--- Supplied material ---

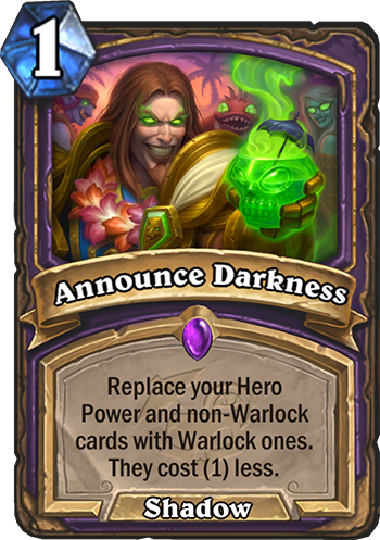 Announce Darkness is a 1 Mana Cost Epic Rogue, Warlock Spell card from the Perils in Paradise set!
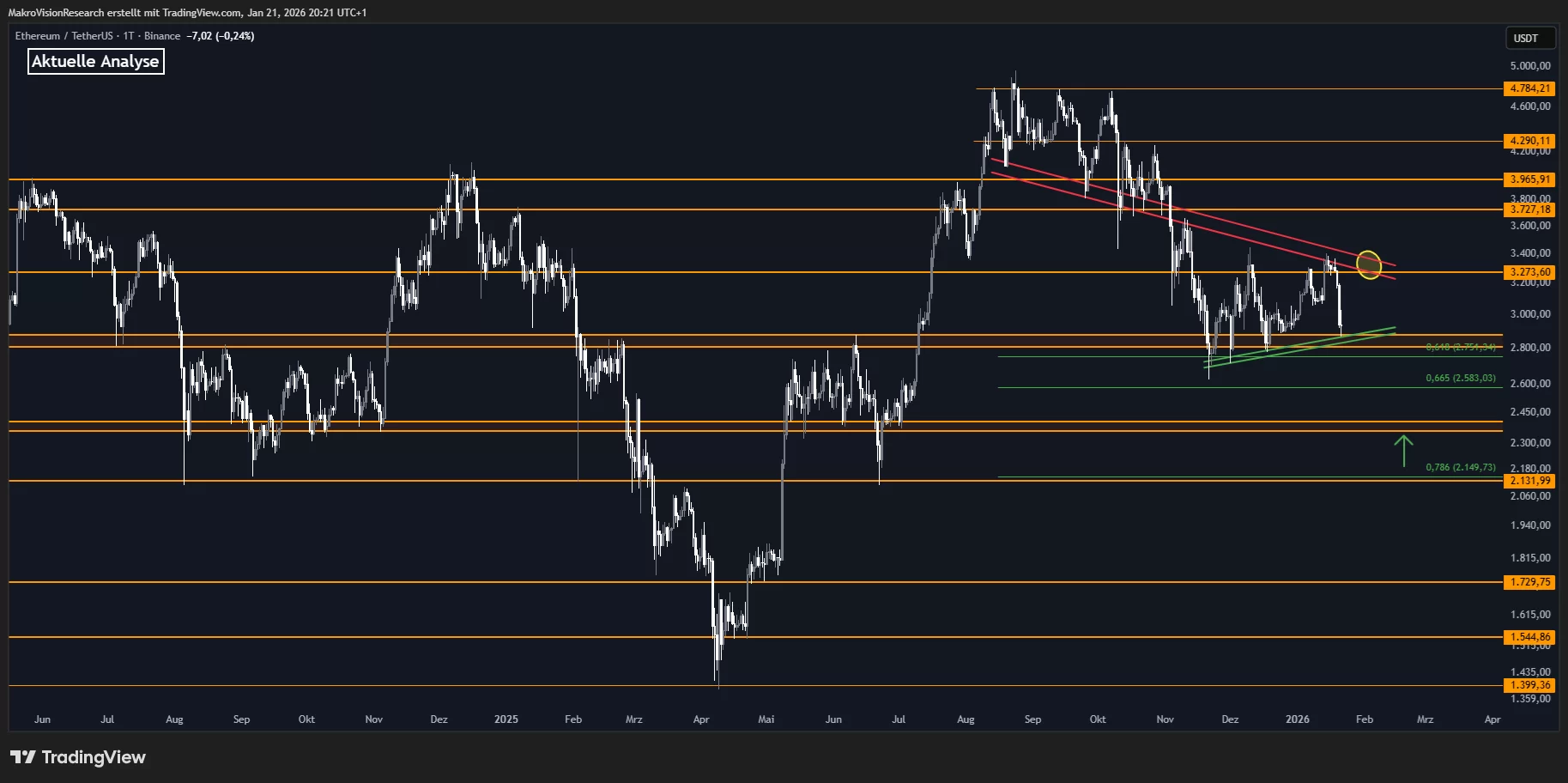 Şirketin değerlendirmesinde kısa vadeli görünümün kritik bir eşikte olduğuna dikkat çekildi. Buna göre 2.810–2.880 dolar aralığındaki turuncu destek bölgesi, Ethereum için şu an grafikteki en önemli seviye konumunda bulunuyor. ETH fiyatının bu bölgenin üzerinde kalması halinde yukarı yönlü yeni bir deneme ihtimali korunuyor. Ancak MakroVision, olası bir yükselişin kalıcı olabilmesi için net bir dönüş ve güçlü bir hareketin şart olduğunu ifade etti.
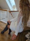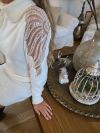 Vælg elegance med denne kjole i midilængde, prydet med forfinede detaljer, der yndefuldt falder fra skuldrene og ned langs ærmerne. Pynten tilføjer et subtilt og sofistikeret strejf af glamour, hvilket forvandler denne kjole til et uundværligt stykke. Dens midilængde flatterer figuren og er ideel til særlige lejligheder og formelle aftener. Fremstillet af et blødt og behageligt materiale, kombinerer denne kjole stil og finesse og giver et uforglemmeligt udseende til dem, der ønsker at stråle med elegance.
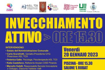 EVENTO ORGANIZZATO a PISCINA Venerdì 20 gennaio 2023 ore 15,30 Salone L'Rubat Via Umberto I, 64

---

Exercise aim:
The response should consist of the lines above from the first through the one containing "Şirketin değerlendirmesinde kısa", transcribed exactly, with every picture left out.

Written answer:
 Announce Darkness is a 1 Mana Cost Epic Rogue, Warlock Spell card from the Perils in Paradise set!
 Şirketin değerlendirmesinde kısa vadeli görünümün kritik bir eşikte olduğuna dikkat çekildi. Buna göre 2.810–2.880 dolar aralığındaki turuncu destek bölgesi, Ethereum için şu an grafikteki en önemli seviye konumunda bulunuyor. ETH fiyatının bu bölgenin üzerinde kalması halinde yukarı yönlü yeni bir deneme ihtimali korunuyor. Ancak MakroVision, olası bir yükselişin kalıcı olabilmesi için net bir dönüş ve güçlü bir hareketin şart olduğunu ifade etti.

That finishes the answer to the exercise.